▶ **Work instruction**:
Below is a listing; print exactly its lines from the one containing "Discover the essence" down to the one containing "3 PCS ROSEVILLE", both inclusive, with every picture left out.

▶ **Data listing**:
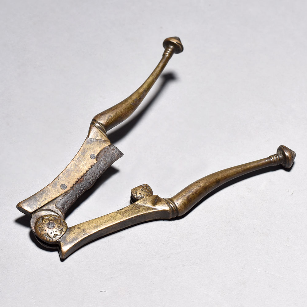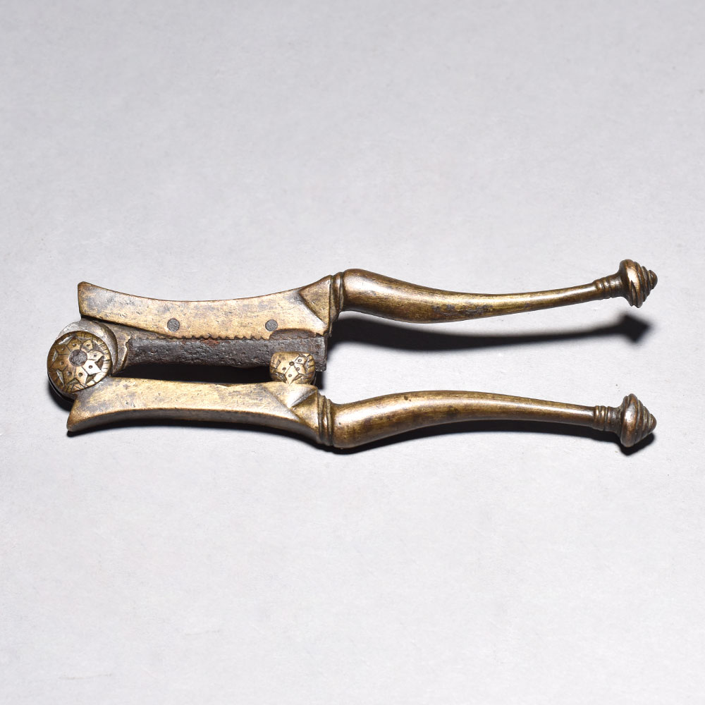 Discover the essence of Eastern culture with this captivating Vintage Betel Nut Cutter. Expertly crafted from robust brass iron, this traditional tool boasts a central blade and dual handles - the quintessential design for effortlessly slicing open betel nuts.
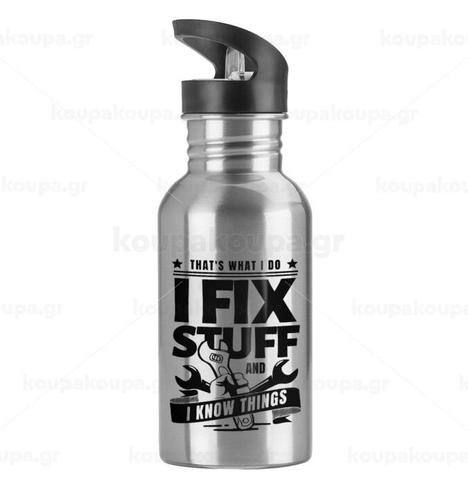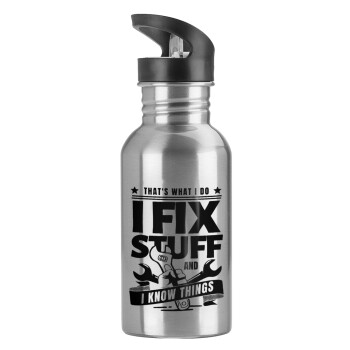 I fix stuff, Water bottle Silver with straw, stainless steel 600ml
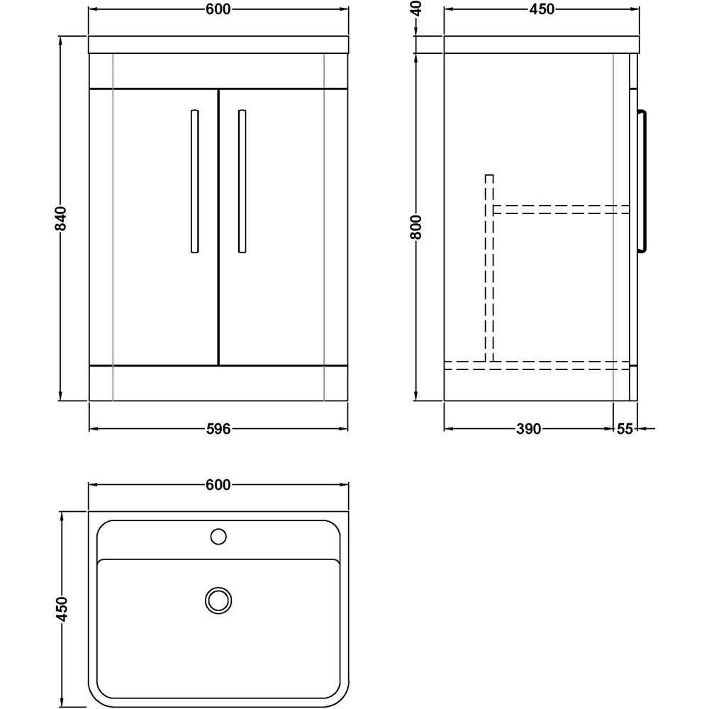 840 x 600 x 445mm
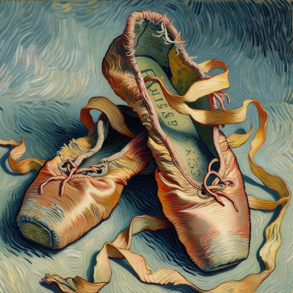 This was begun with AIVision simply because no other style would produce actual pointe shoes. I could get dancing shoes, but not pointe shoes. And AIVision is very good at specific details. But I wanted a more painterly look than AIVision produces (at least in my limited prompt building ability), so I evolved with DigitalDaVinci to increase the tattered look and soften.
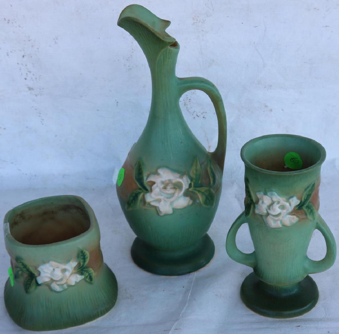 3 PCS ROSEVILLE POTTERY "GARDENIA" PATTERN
* * *
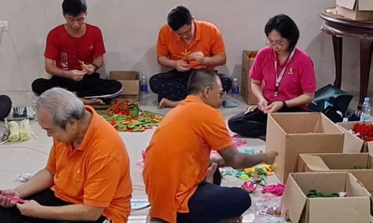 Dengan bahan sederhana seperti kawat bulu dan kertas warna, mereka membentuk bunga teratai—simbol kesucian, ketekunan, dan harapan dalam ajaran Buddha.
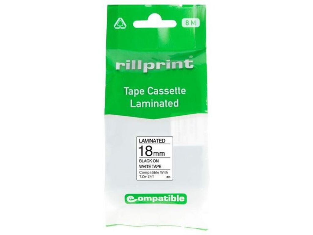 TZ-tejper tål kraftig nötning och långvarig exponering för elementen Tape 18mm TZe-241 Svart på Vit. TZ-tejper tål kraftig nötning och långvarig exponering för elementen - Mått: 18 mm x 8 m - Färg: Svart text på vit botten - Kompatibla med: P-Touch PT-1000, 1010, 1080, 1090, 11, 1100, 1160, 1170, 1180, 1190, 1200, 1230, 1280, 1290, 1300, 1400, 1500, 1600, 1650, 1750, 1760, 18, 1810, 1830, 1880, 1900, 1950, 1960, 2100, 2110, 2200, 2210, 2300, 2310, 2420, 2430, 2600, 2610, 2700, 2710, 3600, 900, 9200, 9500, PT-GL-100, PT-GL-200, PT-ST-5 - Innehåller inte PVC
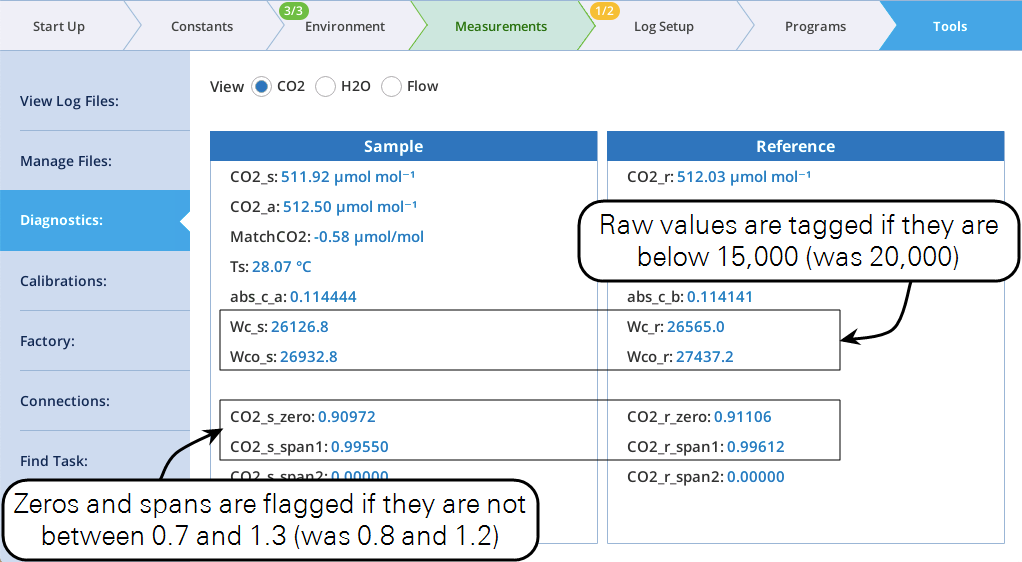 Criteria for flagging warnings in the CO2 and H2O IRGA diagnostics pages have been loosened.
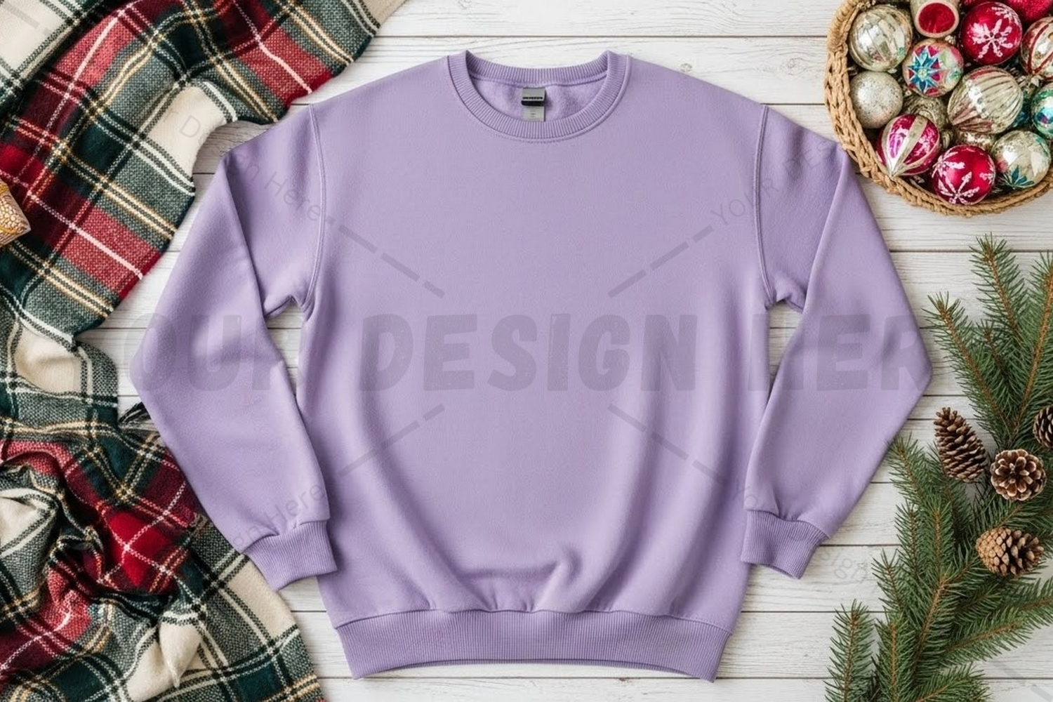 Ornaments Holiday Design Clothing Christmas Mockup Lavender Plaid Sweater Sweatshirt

▶ **Task result**:
 Discover the essence of Eastern culture with this captivating Vintage Betel Nut Cutter. Expertly crafted from robust brass iron, this traditional tool boasts a central blade and dual handles - the quintessential design for effortlessly slicing open betel nuts.
 I fix stuff, Water bottle Silver with straw, stainless steel 600ml
 840 x 600 x 445mm
 This was begun with AIVision simply because no other style would produce actual pointe shoes. I could get dancing shoes, but not pointe shoes. And AIVision is very good at specific details. But I wanted a more painterly look than AIVision produces (at least in my limited prompt building ability), so I evolved with DigitalDaVinci to increase the tattered look and soften.
 3 PCS ROSEVILLE POTTERY "GARDENIA" PATTERN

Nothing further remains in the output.